Datenschutz

SPD verteidigt RMV-Daten

  • schließen

Die Gruppe im Regionalverband will Apple und Google nicht subventionieren. Sie kritisieren den Vorstoß der Unabhängigen.

Die SPD-Gruppe im Regionalverband lehnt das Offenlegen der Daten des Rhein-Main-Verkehrsverbunds (RMV) rigoros ab. „Wenn die Unabhängige Gruppe/FDP die Daten der öffentlichen Hand an Apple und Google in die USA schicken will, um deren Geschäftsmodelle zu subventionieren, dann müssen sie mit unserem deutlichen Widerstand rechnen“, kündigte Sprecher Michael Göllner an. Die Unabhängige Gruppe war am Mittwoch mit einem entsprechenden Antrag gescheitert, der nach ihrer Auffassung die Fahrgastinformation verbessert hätte.

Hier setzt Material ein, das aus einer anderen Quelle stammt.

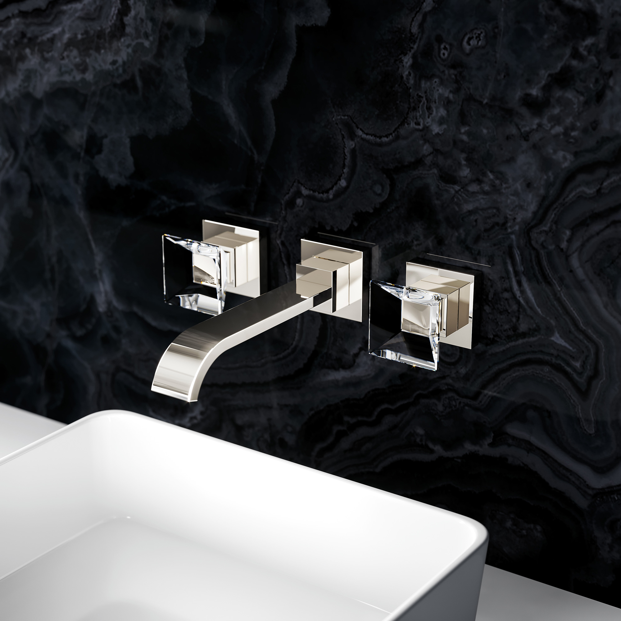 Ihre besonders dekorative Wirkung entfalten die Kristallgriffe im spannungsreichen Zusammenspiel mit dem puristisch-minimalistischen Armaturendesign, das „Empire Royal Crystal“ mit der Basisserie „Empire Royal“ teilt. Sie bewahren den cleanen Look der Armatur und fügen gleichzeitig ein Element üppigen Schmucks hinzu, das nahezu jedes Badezimmer in die Höhe von wahrem und sinnlichen Luxus hebt.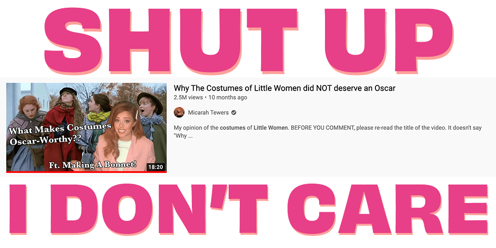 If you’ve been unfortunate enough to watch videos titled “Why The Costumes of Little Women did NOT deserve an Oscar”, “Dress Historian Analyzes ‘Historical’ Film Costumes 😳”, or “Rating Disney Princess Dresses on Historical Accuracy (Part One)”, you probably recognize the tropes. Young woman in vintage costume (bonus points for hand-made recreation of a historical garment) stares into the camera and explicates why this exact shade of blue wasn’t available in England until 1740, that actually the stitching they used on the gown in this fantasy setting that doesn’t replicate a moment in human time was not done by hand, and that all the characters in this movie are wearing stays but the corset was very good actually.*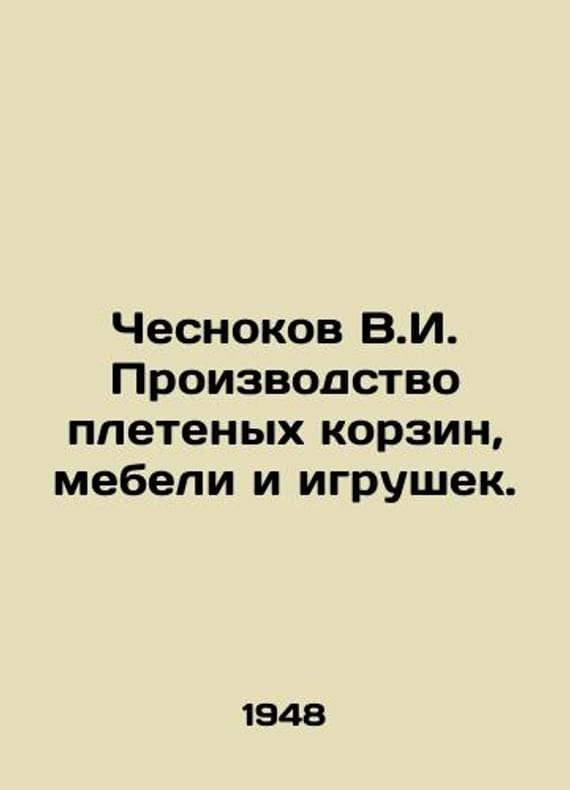 Short description: Garlic V.I. Manufacture of wicker baskets, furniture and toys. In Russian /Chesnokov V.I. Proizvodstvo pletenykh korzin, mebeli i igrushek.In Russian.Moscow Gizmestprom 1948. Raw materials and materials for weaving. Tools and equipment. Preparation of raw materials. Finishing materials. Preparation for weaving. Main types of weaving. Manufacture of baskets. Manufacture of wicker furniture. Manufacture of wicker toys. Decoration of wicker products. Disinfection of wicker products. 63 drawings in the text. Circulation 2000. We have thousands of titles and often several copies of each title may be available. Please feel free to contact us for a detailed description of the copies available. SKUalb77d30e8148f45fbf

„Google und Apple haben nicht einfach das Vorrecht darauf, Leistungen Dritter, also die des organisierten Personennahverkehrs, für sich selbst kommerziell zu verwerten“, ergänzte Thomas Jühe, Bürgermeister von Raunheim. Die SPD schließe sich hier der Position des Verbands Deutscher Verkehrsunternehmen (VDV) an. Der setze sich „äußerst engagiert“ mit dem Thema Datenbereitstellung auseinander. Im Vordergrund stünde dabei, dass die wesentlich mit öffentlichen Mitteln finanzierten Verkehrsunternehmen selbst die wirtschaftliche Verwertung der Daten übernehmen können. Die Einnahmen könnten dann in mehr Qualität und Angebote fließen.

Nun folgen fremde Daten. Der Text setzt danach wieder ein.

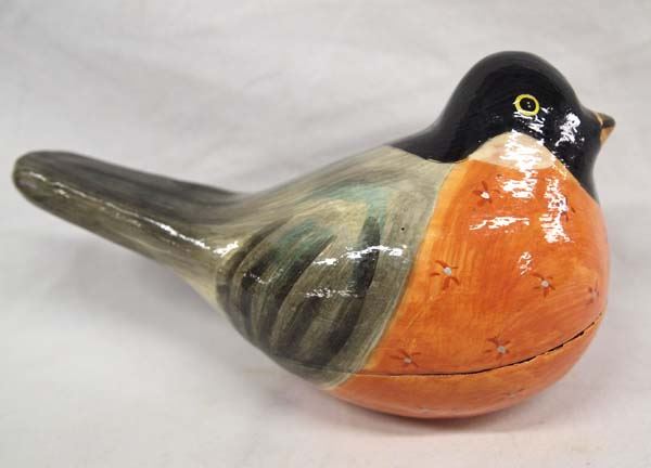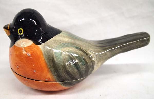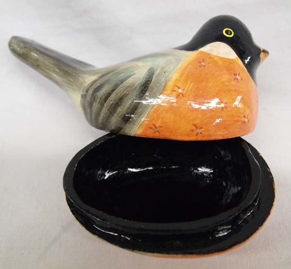 Papier Mache' Bird Shaped Lidded Trinket Box, measures 7''L x 3.5''W x 4''Deep, this traditional craft uses papier mache' and then a lacquer finish after hand painting the designs

Die Sozialdemokraten werfen den Unabhängigen „laxen Umgang mit den Kundendaten“ vor. Wohingegen sie großen Wert auf deren Schutz legten. „Bus- und Bahnkunden müssen sicher sein können, dass sie nicht zum Spielball der rein wirtschaftlichen Interessen von Internet-Riesen werden.“ Vom RMV gab es auf FR-Anfrage keine Stellungnahme.